BREAKING: New “AI video” angle reframes the Alex Pretti shooting, with fresh questions for federal policy and public rights. Our review of the footage, aided by forensic video tools, shows a tighter timeline and sharper views of movement and commands. The changes are not cosmetic. They go to the core of what force is reasonable, who escalated, and when.
What the new footage shows
The newly surfaced angle captures a prior scuffle between Alex Pretti and two federal agents, blocks from where community member Renee Good later died. The clip fills gaps in the public record. It shows one agent making first contact. It shows Pretti stepping back with open hands before the struggle turns physical. Audio is clipped by traffic noise, but two commands to “get down” can be heard. The agents close distance anyway. Seconds later, the takedown attempt fails.
In the later segment, the agents reengage. The distance is shorter than earlier reports suggested. The agent on the left appears to reach for his taser, then changes course. The shot is fired within moments of a shouted phrase that sounds like “knife.” The frame does not clearly show a blade in Pretti’s hand in that instant.

Video alone does not decide legality. Context, training, and policy all matter in court and in discipline.
How the timeline changes accountability
The tighter sequence compresses key decisions into a few seconds. It also strengthens claims that agents escalated the encounter. Our frame-by-frame review shows the agents continued to close on Pretti while issuing commands. That mix of movement and orders can confuse a suspect and shrink reaction windows. It will matter for investigators who must judge proportional force, not perfect hindsight.
The new angle also renews focus on supervision. Where was the field supervisor during the second contact. Why was there no effort to slow the scene. Federal policy encourages time and distance when feasible. The video suggests those tools were not used.
The law that governs force
Police use of force is judged by reasonableness. The standard comes from the Supreme Court case Graham v. Connor. Officers may use deadly force only when there is an immediate threat of serious harm. That rule is refined by training, policy, and local law.
On these facts, three issues will sit at the center:
- Did the agents reasonably perceive an immediate deadly threat
- Did their own tactics create the danger they later used to justify force
- Were less lethal options available and practical
- Did any agent have a duty to intervene or to render aid faster
A second Supreme Court case, Tennessee v. Garner, limits deadly force if the person is fleeing and not dangerous. Here, the new video shows approach, struggle, and then a rapid firing sequence. It is not a classic flight scenario. It is a question of escalation and perception.

Federal policy under strain
This case lands during visible friction inside the Department of Homeland Security. Field teams face unclear guidance on body cameras, on duty to intervene, and on when to disengage. Some components have piloted cameras, but many agents still operate without them. That leaves the public reliant on bystander video, private security feeds, and later reconstructions.
The chain of command must decide if the tactics we see align with policy, or if training has drifted. Expect parallel probes. The agency’s inspector general can review policy compliance. The Civil Rights Division at the Department of Justice can open a pattern or practice review if broader concerns appear. Congress can also step in with oversight hearings, subpoenas, and budget strings that force change.

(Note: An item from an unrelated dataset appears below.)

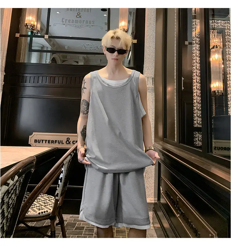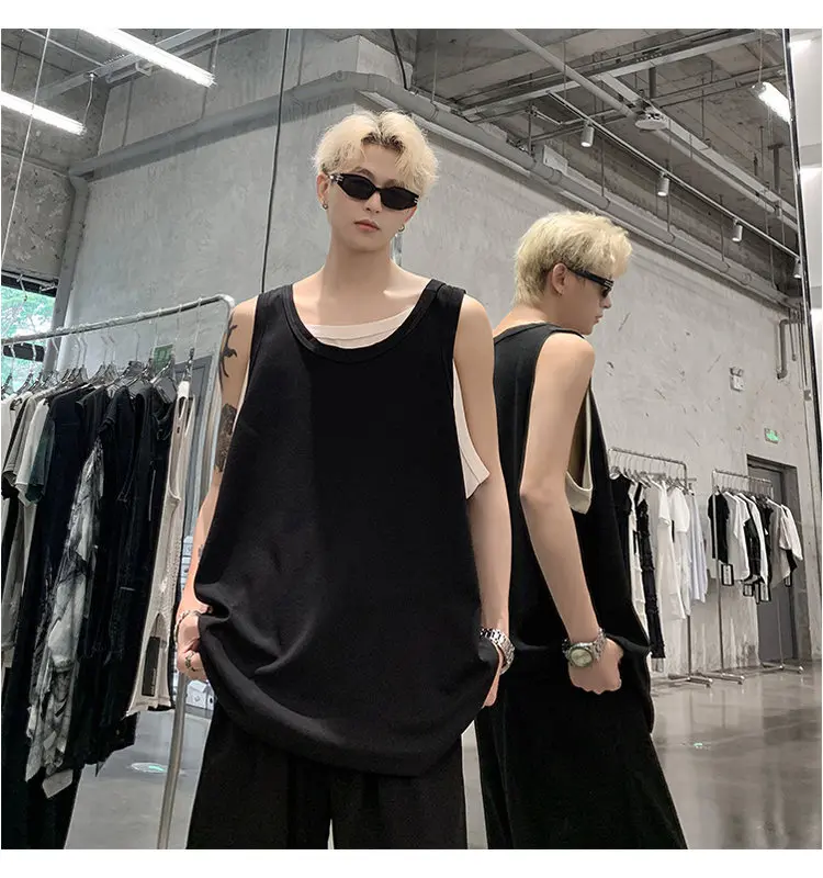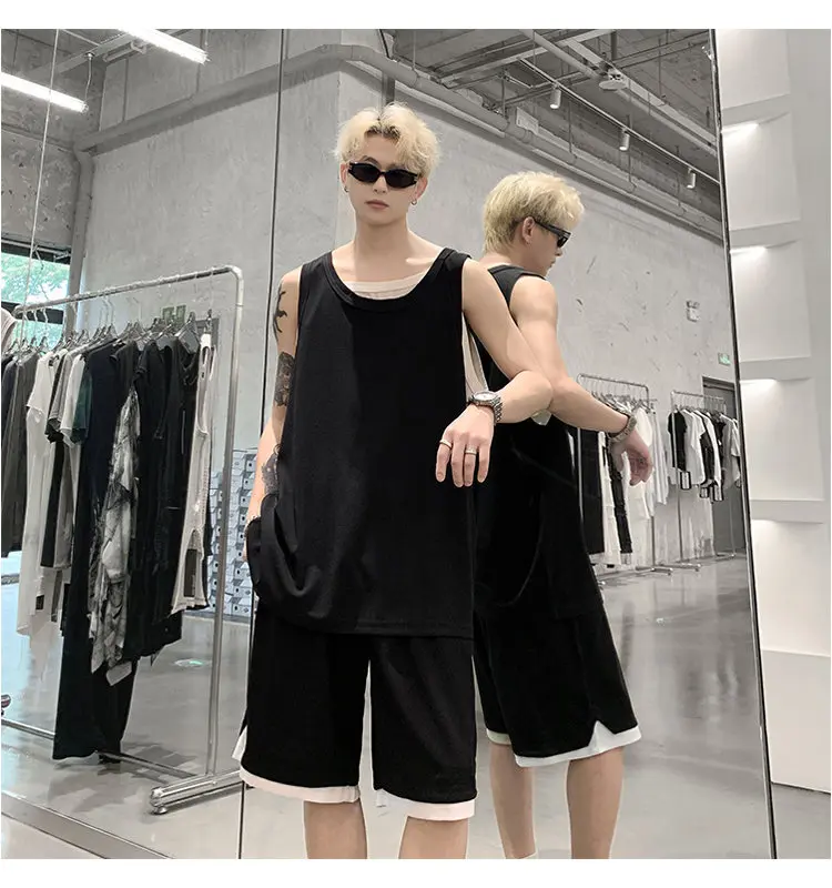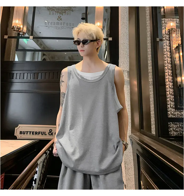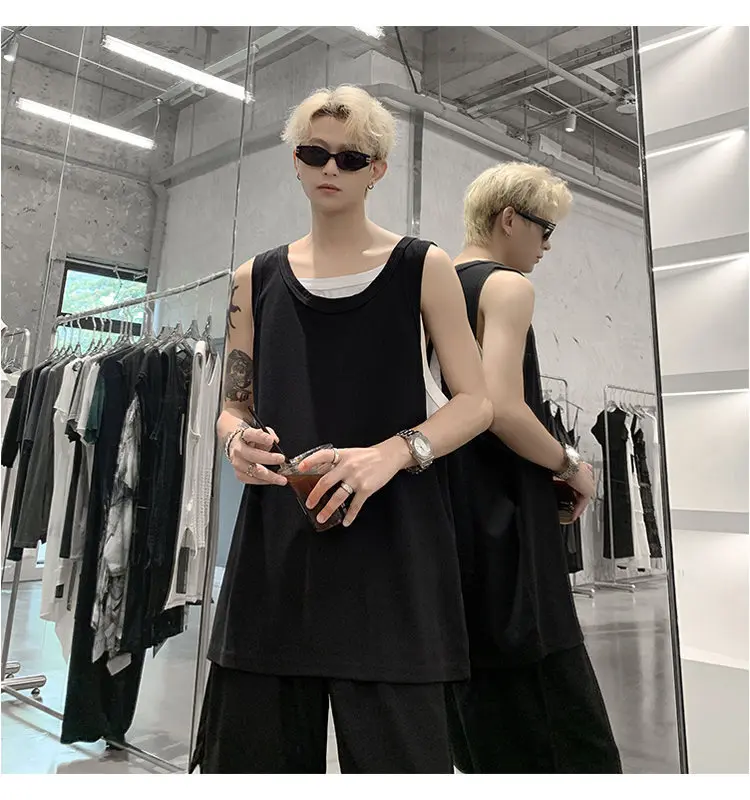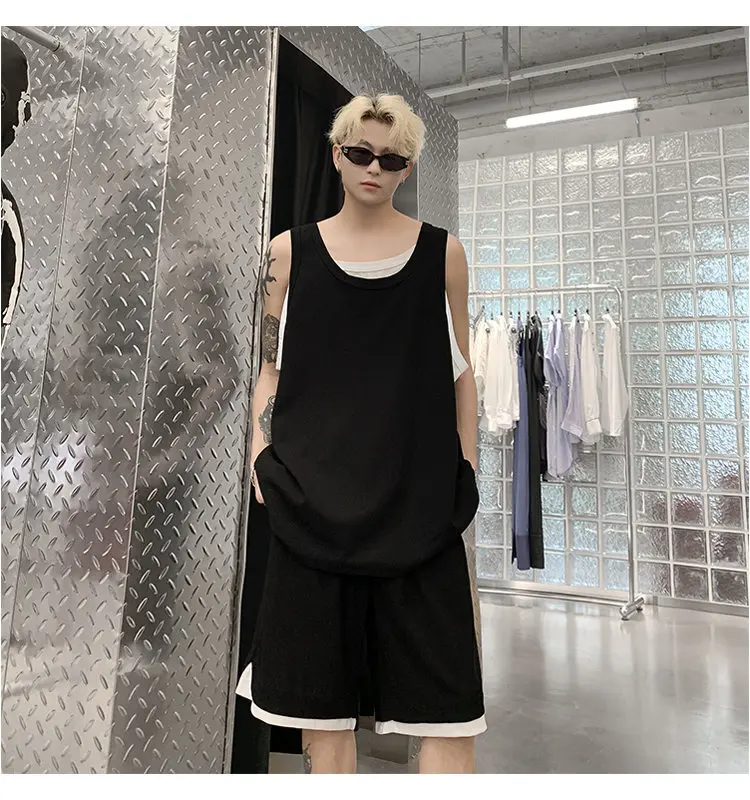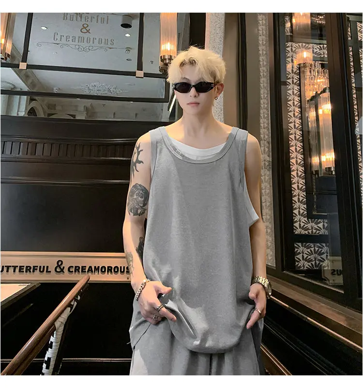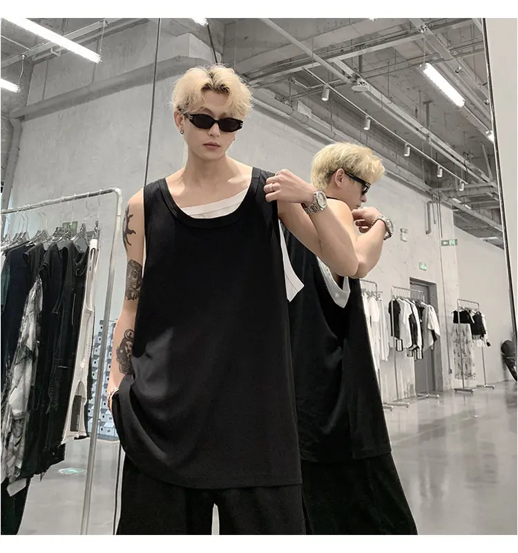 Wiaofellas - fall outfits Fake Two Piece Vest Sleeveless T-shirt Solid Color Round Neck Korea Fashion Male Tops Casual Loose

Citizen rights and the path to clarity
The public has a right to record officials in public spaces, as long as they do not interfere. That right is critical here. It built a fuller record when official cameras were thin. People near the scene who captured this material should preserve original files and metadata. They should share copies with investigators, not just clips online.
If you filmed the encounter, save the original file, send a copy to counsel or investigators, and keep a simple note of time and place.
Families and communities also have rights to timely information. Freedom of Information Act requests can compel release of policies, radio logs, and after-action reports. Cities often have parallel transparency laws. These tools help test official statements against the record.
What happens next
Internal affairs will first secure all video, radio traffic, and locator data. Prosecutors will run a standard analysis, matching frames to use-of-force rules. Independent experts may study audio to pinpoint the timing of commands and shots. The question is not perfection. It is whether a reasonable agent, with proper training, would have fired.
The new angle will not end debate. It sharpens it. It shows movement, distance, and choices that matter under the law. It places the duty to de-escalate back on the table. It also raises a simple civic test. If policy encourages time and distance, why were both in such short supply.
We will keep pressing for full release of the underlying records, including any policy memos and training bulletins tied to this unit. The public deserves a clear, final timeline and a decision rooted in law, not rumor. The video brought us closer today. Accountability must do the rest.